On ne demande rien. Tout ce qu'on veut, c'est qu'on nous laisse travailler et gagner notre vie honnêtement. Mais ça, ceux qui font les lois n'en n'ont rien à faire. »

Ce poignant témoignage d’Yvette, sympathisante de la Ligue de Défense des Conducteurs, n’est qu’un parmi tant d’autres. Tous liés à la crainte de perte d’emploi (ou de ne pouvoir répondre positivement à une proposition), pour cause de véhicule trop ancien pour être toléré dans l’une des 43 Zones à faibles émissions (ZFE) dont la mise en place s’est accélérée, le 1er janvier dernier.

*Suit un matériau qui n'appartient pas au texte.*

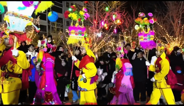 除了舞龙舞狮,传统的划旱船、跑纸马、唱秧歌等节目也纷纷亮相。旱船在“波浪”中摇曳前行,“姑娘”身姿婀娜,与艄公配合默契,演绎着水乡风情;秧歌队身着大红大绿的传统服饰,用欢快的唱腔、热情的舞姿,鲜艳多彩的高烨灯笼展现了传统文化的魅力,表现出了劳动人民对美好生活的热爱与向往。社火表演不仅丰富了群众的春节文化生活,营造了欢乐祥和的节日氛围,同时也增进了全村乡民及邻村间的感情。
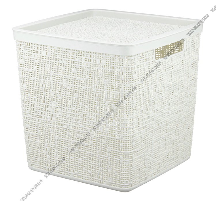 Корзина "Рогожка" бел.ротанг,с крышк, квадр 17л (28х28 h28см) выруб.руч. (8)
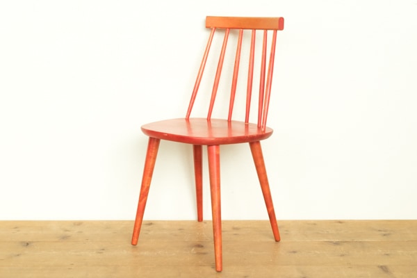 ●レッドにペイントが施されたフィンランドのスポークチェアです。不均一なペイントの表情がビンテージならではの魅力です。どんな人がペイントしたのか、そんなことを想像しながら使う楽しみがある1脚ですね。
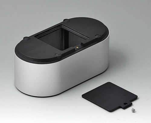 4-part enclosure for many different applications. Sturdy frame made of aluminium, glass bead-blasted and anodised. Plastic parts made of ASA+PC-FR with high UV protection and high flame resistance. Attachment domes for PCBs and components in the top and bottom parts. Top part with recessed surface to protect the membrane keyboard. Bottom part with opening and screw-down cover: practical for the use of a battery compartment or for access to the interior, e.g. for a memory card or batteries that are mounted directly on the PCB. Battery compartment kit 4 x AA with contact springs, battery clips, button cell holder and wall mounting option as accessories.
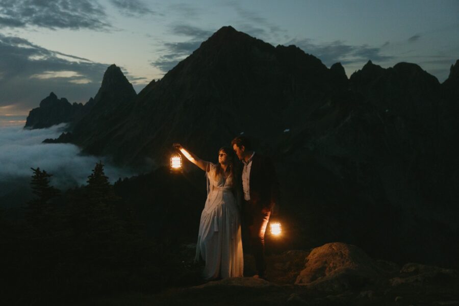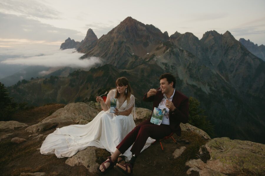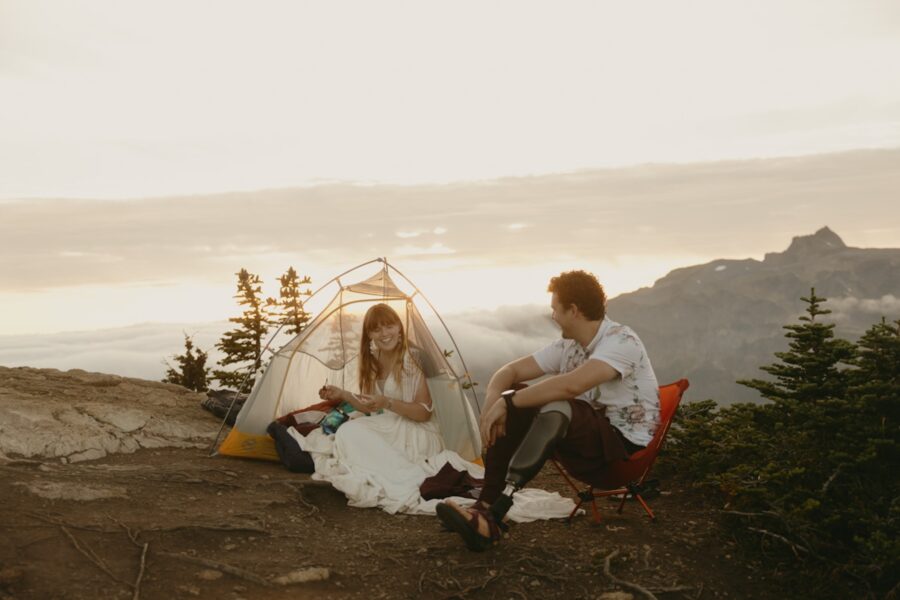 After we pitch the tents and maybe enjoy a relaxed lunch together, it’s time for the day to shift into something even more magical. You’ll slip into your wedding attire, transform the campsite into a place of celebration, and share your first look surrounded by the raw beauty of the backcountry. The quiet of the wilderness makes this moment feel incredibly private, like the entire mountain range paused just for the two of you.
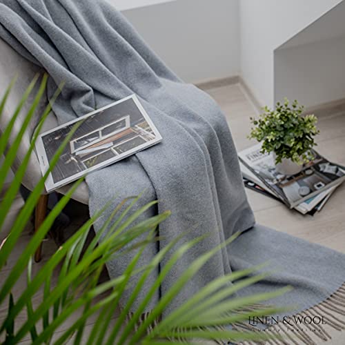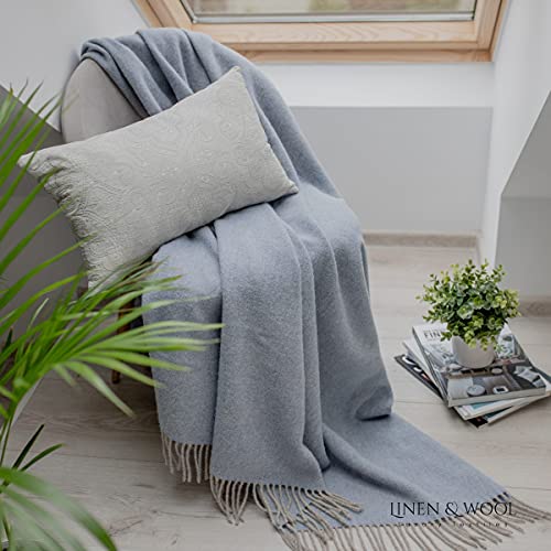 Linen & Cotton Weiche Warme Decke Wolldecke Wohndecke Kuscheldecke Columbus – 100% Reine Neuseeland Wolle, Beige Natur Hellblau Blau (140 x 200 cm) Couchdecke Überwurf Plaid Winter Sofa Schurwolle

Depuis cette date en effet, des millions de conducteurs sont devenus indésirables dans ces métropoles de plus de 150 000 habitants, qu’ils y résident ou pas. Leur tort : être propriétaires d’une voiture dont la vignette Crit’Air trahit un âge trop avancé (selon les villes, le niveau de restriction de circulation touche les numéros 3, 4, 5 et NC).

Nous sommes de plus en plus nombreux à dénoncer l’injustice sociale de cette mesure, qui fait naître un nouveau délit de pauvreté. Toutefois, le maintien de l’accès à l’emploi reste à ce jour un sujet peu exploré. À la Ligue de Défense des Conducteurs, nous nous sommes donc attelés à évaluer cette menace qui plane sur les salariés circulant dans les ZFE et dans l’incapacité financière de remplacer leur vieux véhicule.

Première étape : calculer le nombre de « travailleurs bannis », dont le véhicule est trop ancien pour circuler dans les ZFE

Nous nous sommes d’abord appuyés sur l’étude publiée en août 2024 par l’association Apur, qui analyse les véhicules et publics impactés par l’étape Crit’Air 3 dans le Grand Paris. Nous avons isolé les 2,13 millions de véhicules qui circulent du lundi au vendredi dans la métropole (les salariés du week-end étant compensés par les « simples » visiteurs des jours de semaine). Parmi eux, 27 % ont été identifiés comme porteurs de vignettes Crit’Air 3, 4, 5 ou NC, celles-là même qui sont blacklistées depuis le 1er janvier 2025. Les observations de terrain ayant été réalisées en juin 2022, nous avons ramené ce pourcentage à 23 %, pour tenir compte de l’évolution du parc depuis.

On obtient 490 000 véhicules. Soit un gros 30 % des 1,66 million de voitures particulières et véhicules utilitaires légers que compte l’aire d’attraction[1] de la ZFE du Grand Paris.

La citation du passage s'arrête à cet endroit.